• What you are asked to do: With the pictures omitted, repeat exactly the lines below starting with the line that has "在國際冶金工業展覽會上與外賓" and going on through the line that has "日系春秋季毛呢格子大衣男韩版潮流ins港风百搭复古...".

• Records provided:
────────────────
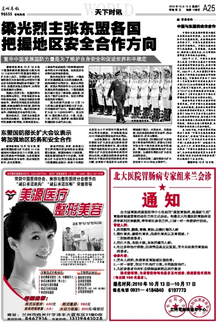 客户热线:0931-96555 传真:0931-8159628(新闻) 8123740(广告) 本报社址:兰州市白银路123号 邮编730030 Email:lzcbreader@163.com
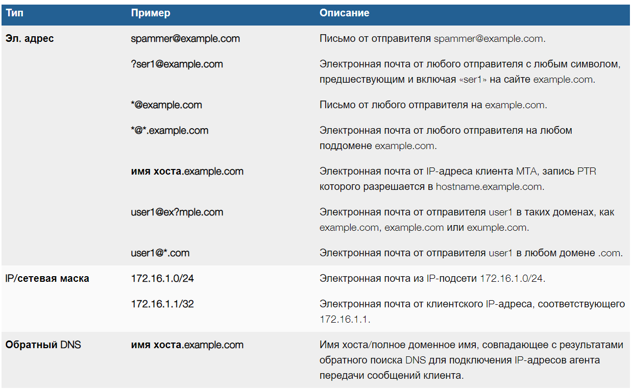 Поддерживаются следующие маски
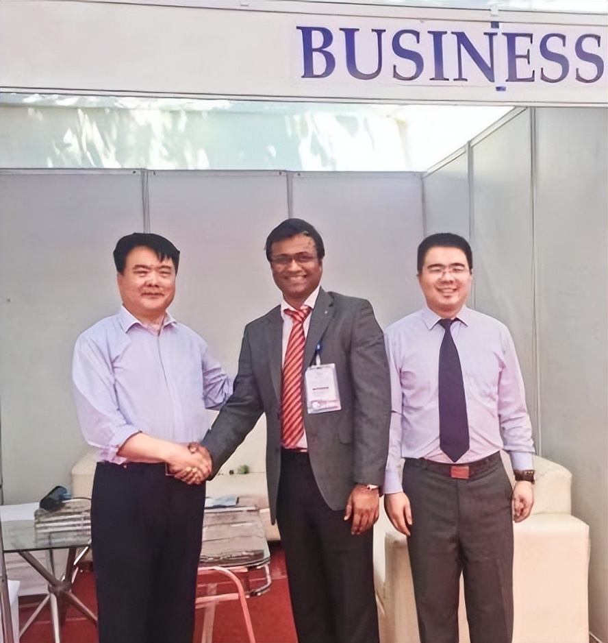 在國際冶金工業展覽會上與外賓合影。左為豫興公司董事長劉世聚,右為豫興公司總經理劉力銘
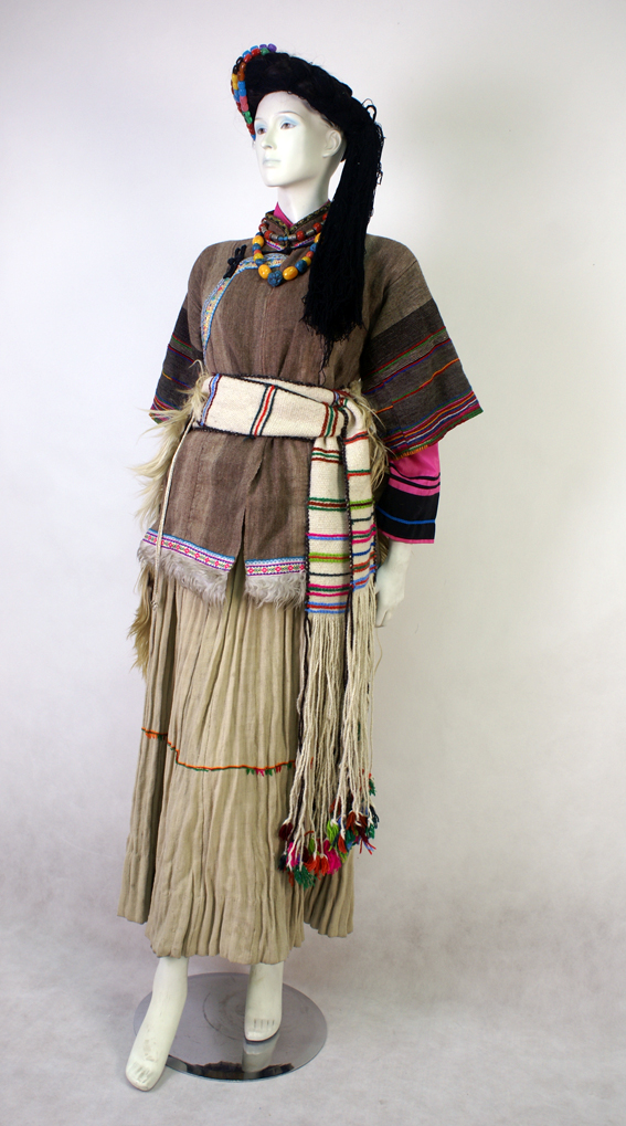 普米族婦女的上衣為黑色、蘭色、白色的開(kāi)襟短衣,和男子基本一樣,但袖口有花邊,領(lǐng)口用花線繡上吉祥的圖案。下身著百褶筒裙,裙腳邊加一圈紅線,裙襠口加一圈白色厚布,裙腳寬大,縫成褶皺形狀,一般需布匹二丈多。腰間系一根彩帶,彩帶多用山麻或羊毛捻線織成。日常生產(chǎn)生活中,普米族婦女喜歡穿羊皮褂,皮褂有兩種,一種是有袖子的開(kāi)衫皮褂,一種是不作任何加工縫制的披肩皮褂,一般多用披肩皮褂。青年婦女均穿短上衣,古代是用麻制的,現(xiàn)代大多用棉布;過(guò)去多喜歡白色,現(xiàn)在喜用白黑紅等多種顏色;右面開(kāi)襟,下襟較短,窄袖高領(lǐng)。春天她們穿用條絨縫制、領(lǐng)和衣邊鑲嵌金銀邊的夾衣,稱金邊衣服。
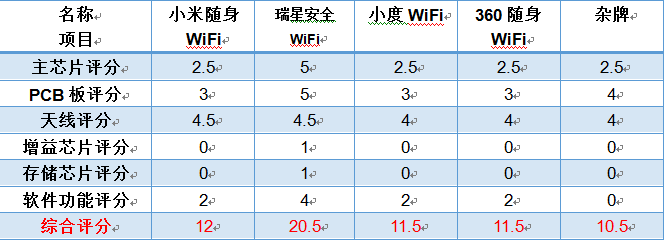 從最后的綜合評分來看,瑞星以20.5分的成績遠超其他四家。由此可以看出,瑞星安全WiFi在主流隨身WiFi中是性能及用料最佳的產品。如果打個比方來說,瑞星安全WiFi是隨身WiFi中的奔馳寶馬,而其他幾家產品更像是捷達普桑。但不得不說的是,小米、360和小度的外觀設計比較不錯,瑞星的則看上去有些符合技術型人士的感覺,在這里小編也給瑞星提個建議,要美化一下產品外觀設計。
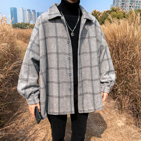 日系春秋季毛呢格子大衣男韩版潮流ins港风百搭复古...
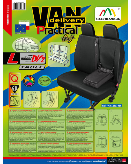 A PRACTICAL méretezett huzat kivételesen tartós, újgerenációs műbőrből készült, ami a legapróbb részletek gondos kivitelezésével az ügyfelek legmagasabb elvárásainak felel meg. A megfelelően felhúzott huzatokat alig lehet elkülöníteni az eredeti, bőrből készült kárpittól, az eredmény pedig nagyon alacsony áron elérhető. A huzat erős, tartós anyagból készült, a megfelelő keretnek köszönhetően jól igazodik az ülésekhez, és jól tapad hozzájuk, így elkerülhető a huzat elcsúszása. A RACTICAL autóhuzatok nagyon jól védik az eredeti kárpitot a koszolódástól és a kopástól, az ízléses , modern stílus pedig pozitív esztétikai benyomást kelt. A huzatot nagyon könnyű tiszítani és feltenni. Alapos kivitelezés garantálja a magas minőséget és a hosszú ideig tartó használatot. A vízhatlan, nem koszolódó és kivételesen tartós anyag biztosítja a praktikus használatot. Az ajánlatunk a szállításra használt kocsik és kisbuszok részére készült, azon vezetők számára, akik szeretnék megvédeni a kocsik belsejét, és elegánsabbá is tennék azt. A fekete, univerzális színek tökéletesen igazodnak a kocsik belsejéhez. A huzatok nagyon jól néznek ki mindegyik kocsi belsejében. Kivételesen elegánsak, ezért használatukkal minden belső tér elegánsabbá válik.
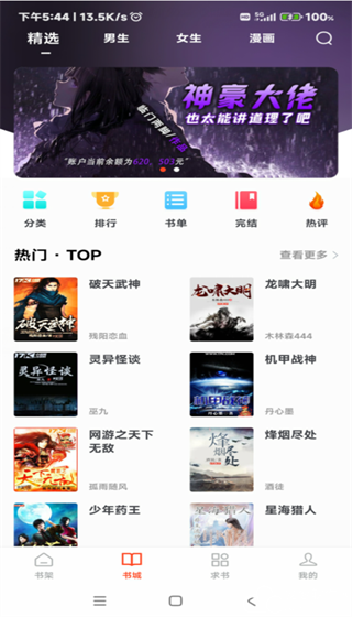 天天追书app是一款专门看小说的软件,看书免费,四个页面,在书架页面存放的是一键选择男生频道和女生频道的推荐书籍,如果不符合你的胃口的话可以直接删除,平时你看的书在关闭之后都会提示你要不要加入书架,有喜欢的小说那就加入书架吧,便于下次书荒不知道找拿本书看,漫画也一样是这种管理,书架的搜索只能在当前区域里面搜索,右上角的更多可以设置封面模式,书架的排序按最近阅读和更新时间的选择来排列,如果你忘记之前看的书是什么,记得数据恢复看就可以找到,在书城页面,每本小说都被分类的详详细细,你需要查找什么小说,直接选择相对应的标签,一定会查到的。如果在天天追书你搜索不到你想要的书籍,你可以直接在求书页面,向官网推荐这本书,让他们上架,在我的页面,用户可以管理账户的信息,除了小说以外,还可以看漫画,包括跟换夜间模式,都是很好用的功能
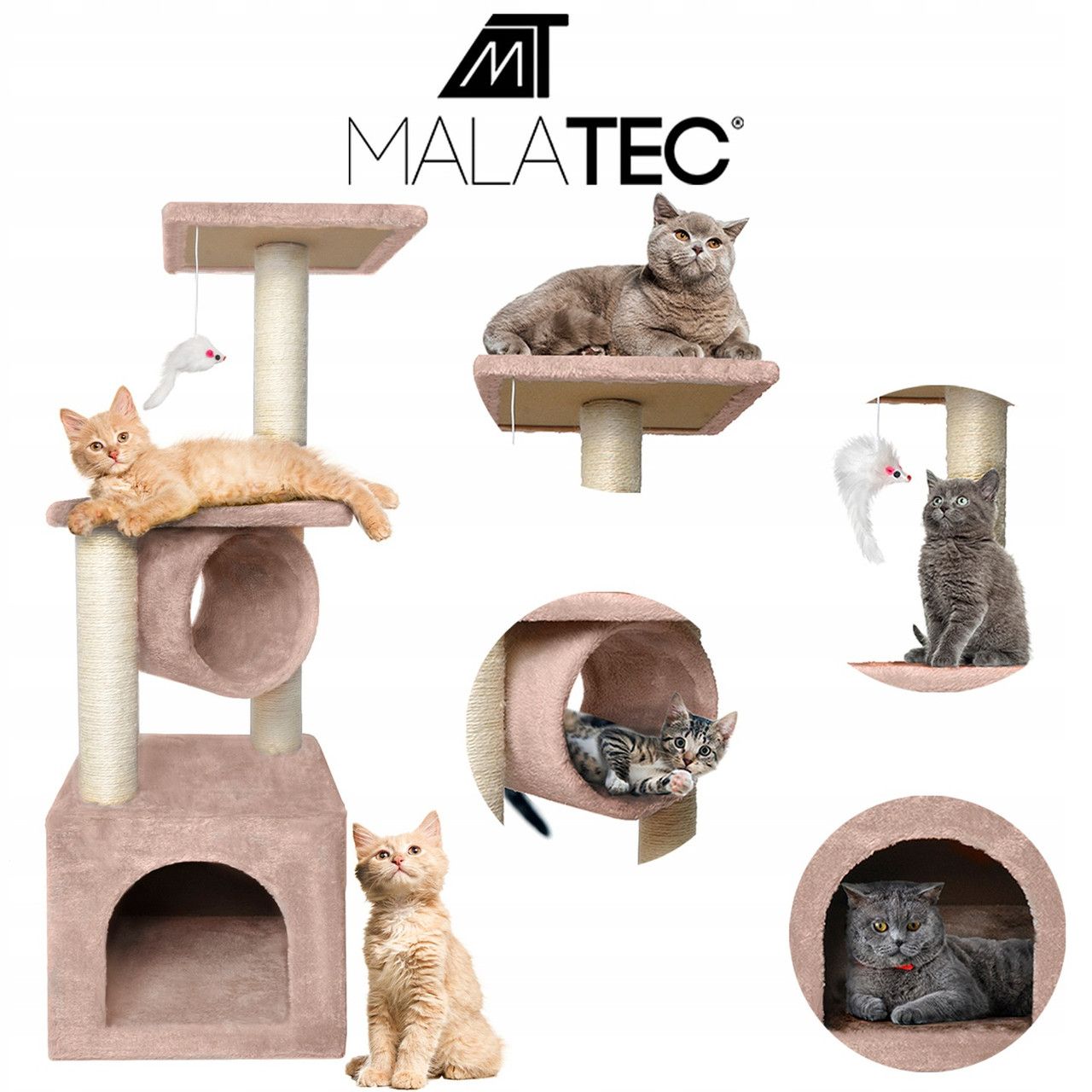 Підлоги котячої кігтеточки покриті дуже м'яким хутром, що гарантує комфортний відпочинок з муркотінням на задньому плані. Головна перевага дерева – затишний будиночок. Додатковий варіант для релаксації – трубка, розміщена на 3-му рівні кігтеточки. Кошеня зможе вільно відпочивати. 5 рівнів спостереження задовольнять котячу цікавість. У разі нудьги можна полювати на мишку, закріплену на гумці, яка знаходиться на 4-му поверсі кігтеточки - її можна зловити і атакувати.
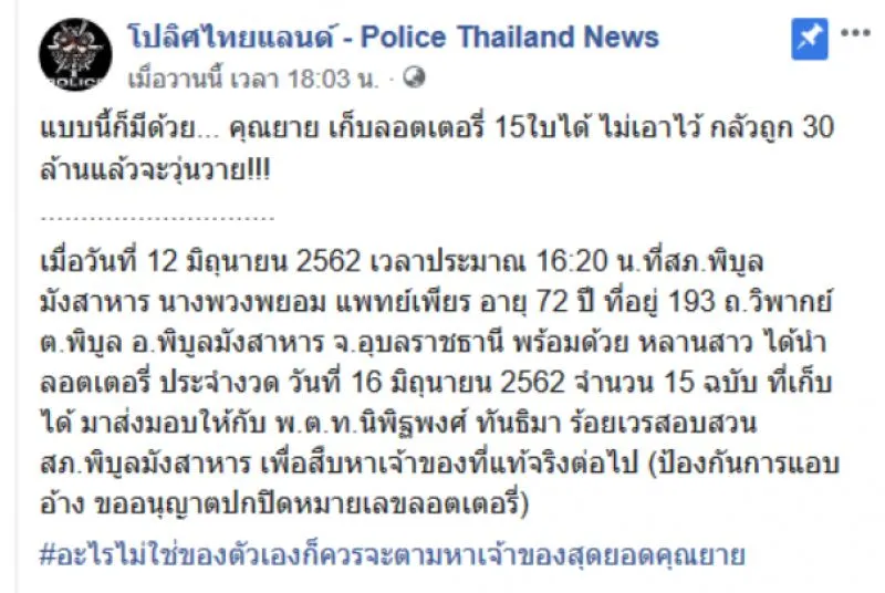 12 มิถุนายน 2562 เวลาประมาณ 16:20 น.ที่สภ.พิบูลมังสาหาร นางพวงพยอม แพทย์เพียร อายุ 72 ปี ที่อยู่ 193 ถ.วิพากย์ ต.พิบูล อ.พิบูลมังสาหาร จ.อุบลราชธานี พร้อมด้วย หลานสาว ได้นำลอตเตอรี่ ประจำงวด วันที่ 16 มิถุนายน 2562 จำนวน 15 ฉบับ ที่เก็บได้ มาส่งมอบให้กับ พ.ต.ท.นิพิฐพงศ์ ทันธิมา ร้อยเวรสอบสวน สภ.พิบูลมังสาหาร เพื่อสืบหาเจ้าของที่แท้จริงต่อไป (ป้องกันการแอบอ้าง ขออนุญาตปกปิดหมายเลขลอตเตอรี่) #อะไรไม่ใช่ของตัวเองก็ควรจะตามหาเจ้าของสุดยอดคุณยาย
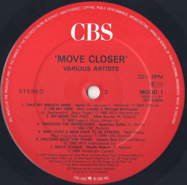 © 1987 CBS Studios ℗ 1986 Arista Records Inc. Track A1 ℗ 1986 Mute Records Ltd. Track A2 ℗ 1986 CBS Records Track A3 ℗ 1986 CBS Inc. Track A4 ℗ 1986 CBS Inc. Track A5 ℗ 1987 CBS Records Track A6 ℗ 1986 CBS Inc. Track A7 ℗ 1985 CBS Inc. Track A8 ℗ 1985 CBS Inc. Track B1 ℗ 1986 MCA Records Ltd. Track B2 ℗ 1986 Legend Music Group Ltd. Track B3 ℗ 1986 CBS Records Track B4 ℗ 1986 CBS Records Track B5 ℗ 1985 WEA International Inc. Track B6 ℗ 1984 Production Carrare Track B7 The LP title is shown as 'MOVE CLOSER' on labels and MOVE CLOSER on front cover. 'Made in England' (labels, back cover) 'Produced In Association With MCA, WEA, CARRERE' (back cover) There is a similar UK release '[r=7660209]' but there are label differences. On this version, the 'CBS AND Ⓡ CBS INC.' text on the labels is separate from the main label rim text at the 6 o'clock position. On the other version all rim text is combined. The first part of the runout string (Cat no to side indicator) is hand-etched, the rest is stamped
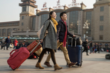 图片标题: 青年女人在站前广场
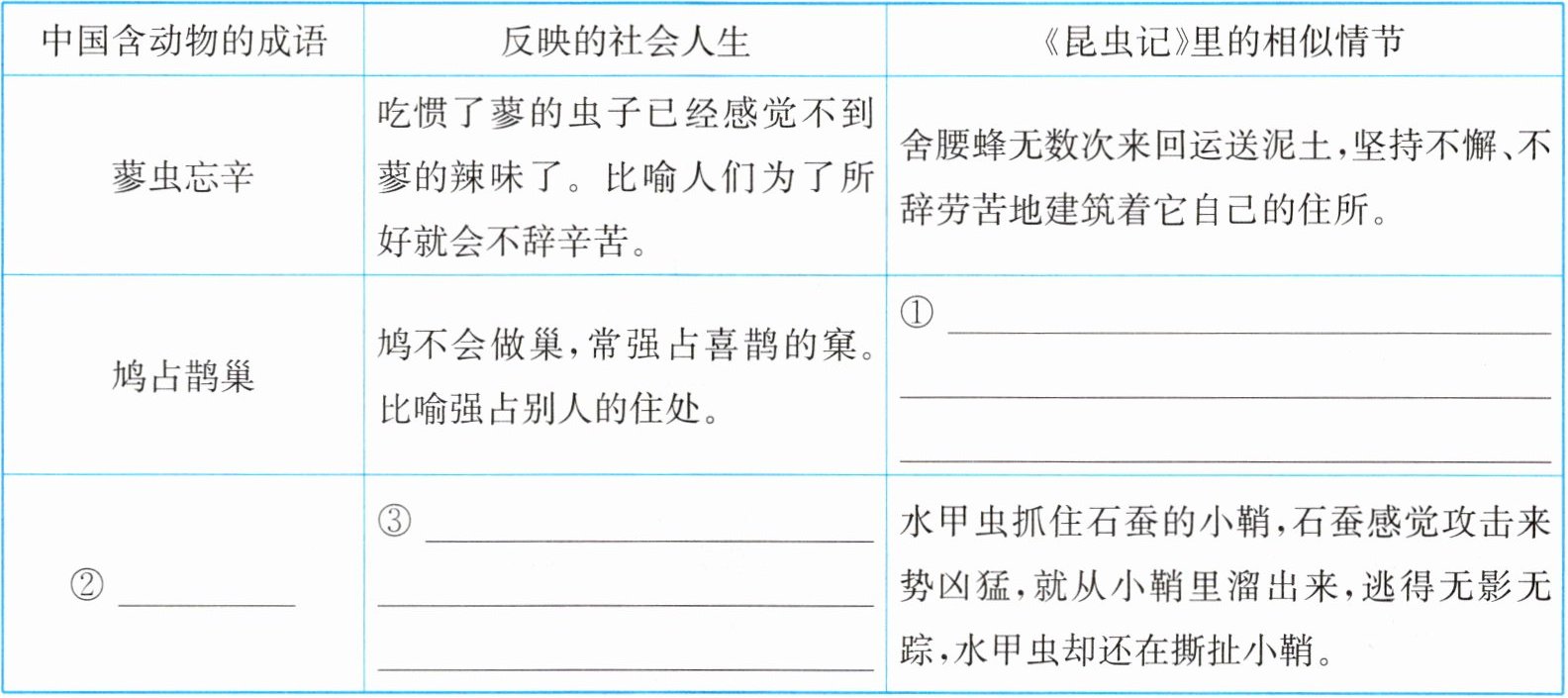 (2)亮点原创·【环节二:名著里的“人生”】法布尔的《昆虫记》以人性观照虫性,又以虫性反映社会人生。小文同学在研读《昆虫记》时,发现中国也有些含动物的成语体现了人性,折射出社会人生。她为此做了一张表格,请你根据示例,帮她完善。
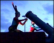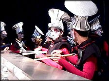 Deux jacquemarts humains viennent alternativement frapper les peaux
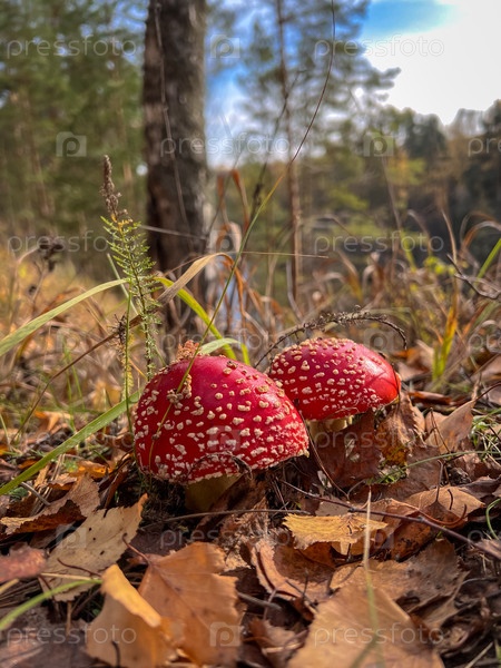 Группа красных и белых грибов растет в траве
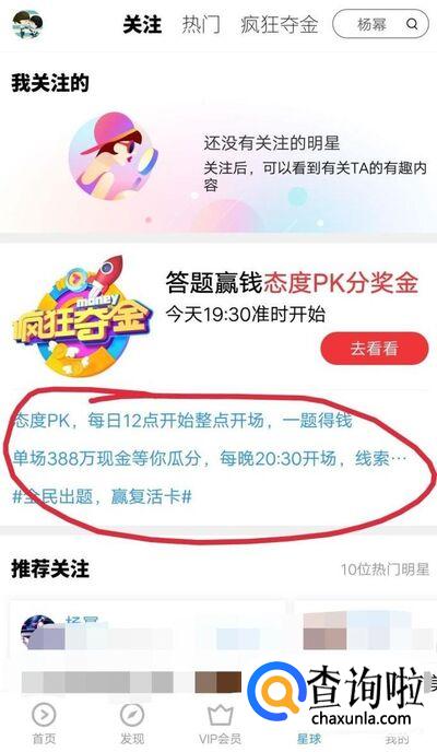 可以看到疯狂夺金的活动入口,答题活动共分3部分组成。分别是态度题、宝箱场以及常规的直播答题。
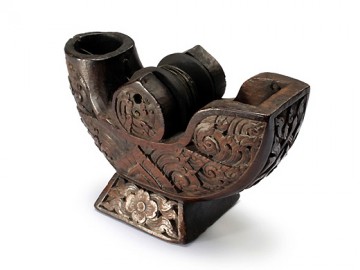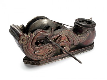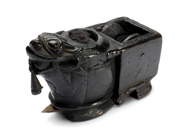 照片是在泰國中部收集的墨壺中以神鳥為主題的。泰國的墨壺的構造和功能與日本和中國沒有區別,但是可以看出重視主題造型的傾向,其他還有猴子、青蛙、兔子的形態雕刻而成。
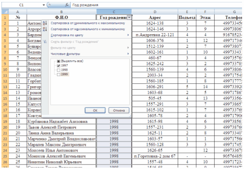 Устанавливаем фильтрацию по годам, например, ищем учеников с 1997 годом рождения (рис. 3.5).
────────────────
• Task result:
 在國際冶金工業展覽會上與外賓合影。左為豫興公司董事長劉世聚,右為豫興公司總經理劉力銘
 普米族婦女的上衣為黑色、蘭色、白色的開(kāi)襟短衣,和男子基本一樣,但袖口有花邊,領(lǐng)口用花線繡上吉祥的圖案。下身著百褶筒裙,裙腳邊加一圈紅線,裙襠口加一圈白色厚布,裙腳寬大,縫成褶皺形狀,一般需布匹二丈多。腰間系一根彩帶,彩帶多用山麻或羊毛捻線織成。日常生產(chǎn)生活中,普米族婦女喜歡穿羊皮褂,皮褂有兩種,一種是有袖子的開(kāi)衫皮褂,一種是不作任何加工縫制的披肩皮褂,一般多用披肩皮褂。青年婦女均穿短上衣,古代是用麻制的,現(xiàn)代大多用棉布;過(guò)去多喜歡白色,現(xiàn)在喜用白黑紅等多種顏色;右面開(kāi)襟,下襟較短,窄袖高領(lǐng)。春天她們穿用條絨縫制、領(lǐng)和衣邊鑲嵌金銀邊的夾衣,稱金邊衣服。
 從最后的綜合評分來看,瑞星以20.5分的成績遠超其他四家。由此可以看出,瑞星安全WiFi在主流隨身WiFi中是性能及用料最佳的產品。如果打個比方來說,瑞星安全WiFi是隨身WiFi中的奔馳寶馬,而其他幾家產品更像是捷達普桑。但不得不說的是,小米、360和小度的外觀設計比較不錯,瑞星的則看上去有些符合技術型人士的感覺,在這里小編也給瑞星提個建議,要美化一下產品外觀設計。
 日系春秋季毛呢格子大衣男韩版潮流ins港风百搭复古...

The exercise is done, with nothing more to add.